I have no issue with saying they were certainly linked in the sense they were of the same time, and beyond that it is not ridiculous to wonder whether the director might have been concerned in that period with similar themes that, to a varying extent, cropped up here and there. I know the argument goes much beyond that, but as a starting point, there are the obvious connections. The four were all shot on Faro, all share a certain extent of social isolation both physical (on a barren island!) and emotional.

Beyond that, there are some fairly explicit connections (although not with Persona, I don't think). One obvious one is how the scene where Anna runs away from the violent Andreas, and the landscape and movement directly refer to the dream Eva has in Shame while she was (in her dream) encountering a number of people, including hte mother who looked at her with such scorn (or was that in Anna? Well, perhaps that is the point).

I coincidentally have seen the latter three films over the last three months. I think they each stand on their own, and have obviously differing surface concerns. Perhaps the notion that the three were done in sequence and those connections noted above suggest more thematic connections than really exist. Perhaps. And I am skeptical that they can be viewed as too closely tied together.

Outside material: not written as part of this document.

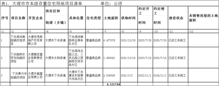 近日,大理市自然资源局发布《大理市市本级2024年度二季度存量住宅用地信息表》。2024年度二季度,大理市本级存量住宅用地规模约4.53公顷,涉及三个城改项目。

But of course that does not mean there are no thematic connections. One obvious connection is that we find in each that the man (von Sydow) in all three one some level seems to choose an estrangement from the woman (Ullman). In Wolf it may be that it is his mental disorientation that drives him to estrangement, or perhaps even that Alma's seeming begining of an identification with that disorientation encourages that estrangement rather than, if you will, giving them something in common. And in Anna it is arguable that what leads him to choose estrangement is literally what Andreas describes as the reason for it, which in so many words is that Anna for him (as it would likely be for most) has become unlovable (did he ever really love her though?).

This common tendency is, frankly, disturbing to me in a way that some other disturbing elements are less so, but that could for some have been more disturbing. What makes it disturbing is the general notion that in that isolate setting, where in effect the characters have, at least initially, chosen to put themselves, that the common experience and interaction between the couple essentially leads them to estrangement. Familiarity breeds contempt in these films, and of course THAT is shared with Persona.

This in turn makes one wonder if it is the particulars of the characters themselves that leads to this result, or is this somehow a comment on the human race mroe generally? I suppose we need not merely assume that Bergman meant these films to stand in for his comment about human nature as a whole. Perhaps as suggested this reflected his own feelings and views during this period.

But given the pasage of the trilogy before Persona, I thikn it fair to conclude that a fair statement can be made that the turning away from even speculating about God's existence, or lack therof, did not seem to provide Bergman with much else in the way of answers. Perhaps he would say that was not to be expected.

In any event, they are all in my opinion very interesting and arguably great films.